Exhibit 4.4

                              SECOND AMENDMENT TO
                         REGISTRATION RIGHTS AGREEMENT
                                  AND CONSENT

     THIS SECOND AMENDMENT TO REGISTRATION RIGHTS AGREEMENT AND CONSENT is made
and entered into as of the 23rd day of December, 1998, by and among Maxygen,
Inc., a Delaware corporation (the "Company"), and the undersigned holders (the
"Investors") of the Company's Series A Preferred Stock, $0.0001 par value per
share (the "Series A Preferred"), Series B Preferred Stock, $0.0001 par value
per share (the "Series B Preferred") and Series C Preferred Stock, $0.0001 par
value per share (the "Series C Preferred").

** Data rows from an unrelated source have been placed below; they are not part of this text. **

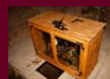
▼ Práce v interiéru.
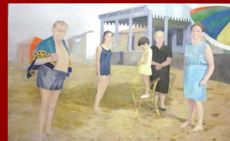
La playa, El último encuentro. 2012 óleo sobre lienzo.
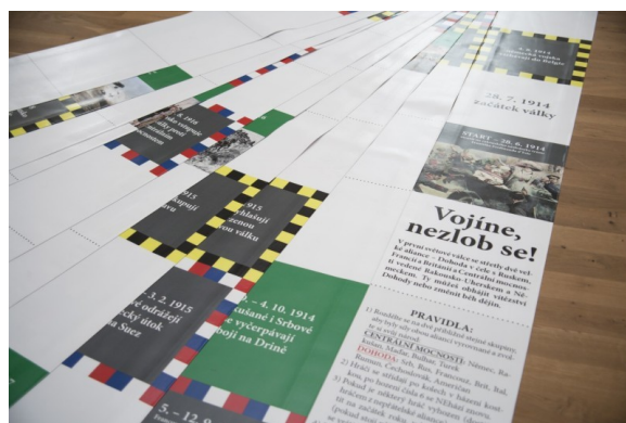
Hra Vojine, nezlob se v „životní“ velikosti

Prohlídku výstavy je možné spojit i se speciální dílnou – odléváním peněz z čokolády – hlásit se můžete telefonicky na čísle 461 611 162 (Renata Kmošková) nebo e-mailem na adresu kmoskova@rml.cz . Dílna bude probíhat i během 4. adventní neděle (20. prosince 2015) – více viz příslušná aktualita.
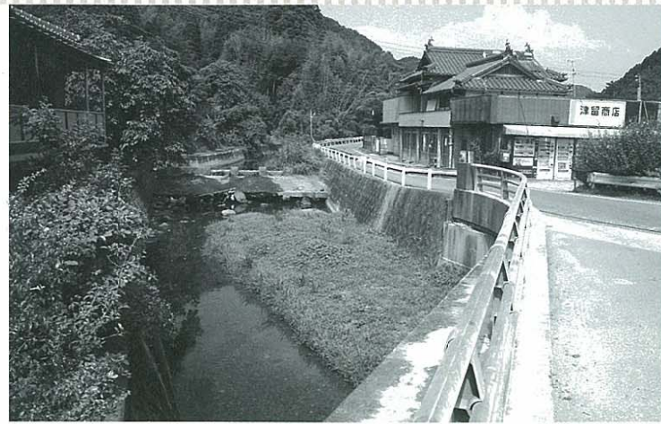
問題となった関東の井手の上橋付近
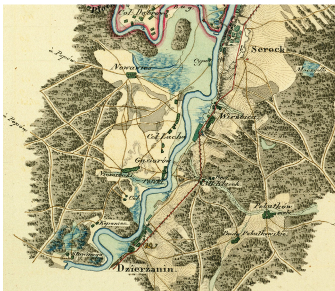
Łacha na mapie z I poł. XIX w

Osadnicy byli wyznania ewangelickiego-augsburskiego i w XIX-XX w. należeli do parafii w Pułtusk. Większość miała gospodarstwa od 15 do 25 mórg. W czasie budowy twierdzy w Serocku, w Łasze zbudowano szaniec przedmostowy. W 1807 r. był tu obóz wojsk bawarskich gen. Wrede i polskiej jazdy, zabezpieczający szaniec. Stąd oraz z Serocka 18 czerwca przeprowadzono atak na wojska rosyjskie w rejonie Nowej Wsi i Zator.
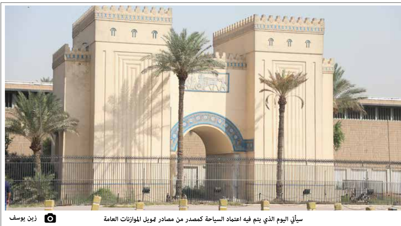
سيأتي اليوم الذي يتم فيه اعتماد السياحة كمصدر من مصادر تمويل الموازنات العامة

قيادة الاطار التنسيقي في حالة عدم اخذ الاستحقاق الانتخابي وفق القانون في تشكيل الحكومة الجديدة ستعمل على اخذ منصب رئيس البرلمان.
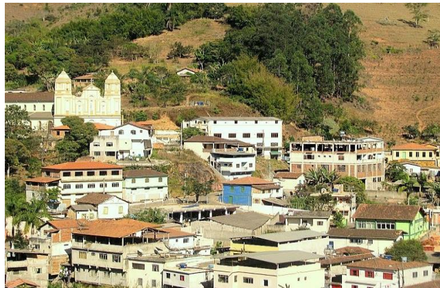
Figura 4 - Vista do município de Diogo de Vasconcelos
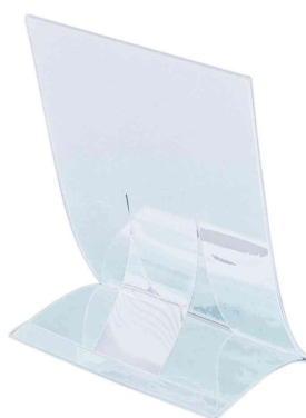
Présentoir de table, rabattable - vue arrière
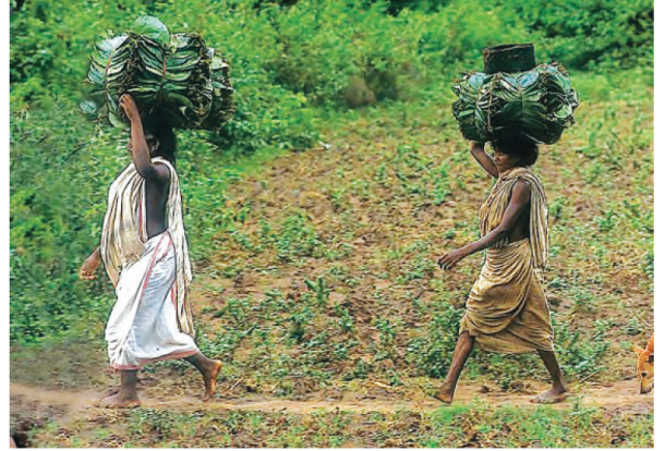
ఒరిస్సాలోని దోణగిరి కందాలోని వైవిధ్యభరితమైన ఆర్థిక కార్యకలాపాలు
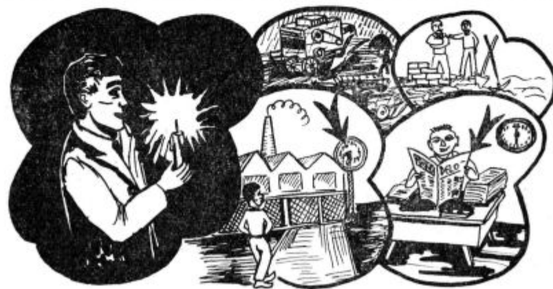
V tej temi nikakor ne najdem notranjih rezerv.
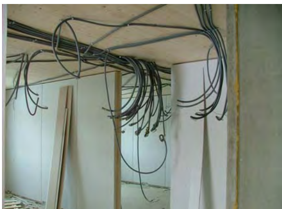
09.03.2006: Haus A - Elektromontage
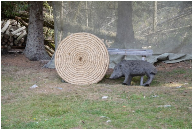
En rund skyteskive og et villsvin som nok ble brukt til øvelsesskyting.

                                    RECITALS

     The Company and certain of the Investors or their predecessors in interest
(the "Series A and Series B Investors") have entered into that certain
Registration Rights Agreement dated the 14th day of March, 1997, as amended the
31st day of July, 1997, attached hereto as Exhibit A (the "Rights Agreement"),
that provides that such Investors are to receive certain registration rights
with respect to Maxygen Common Stock ("Common Stock") and the Series A Preferred
and the Series B Preferred.

     Pioneer Overseas Corporation, an Iowa corporation (the "Series C Investor")
has agreed to purchase shares of the Series C Preferred Stock pursuant to that
certain Series C Stock Purchase Agreement between the Company and the Series C
Investor dated as of December 23, 1998.

     The undersigned Series A and Series B Investors (the "Consenting
Investors") constitute the holders of a majority of the outstanding Registrable
Securities for the purposes of Sections 13 and 17 of the Rights Agreement.

     The Company and the Consenting Investors wish to amend the Rights Agreement
to add the Series C Preferred as Registrable Securities.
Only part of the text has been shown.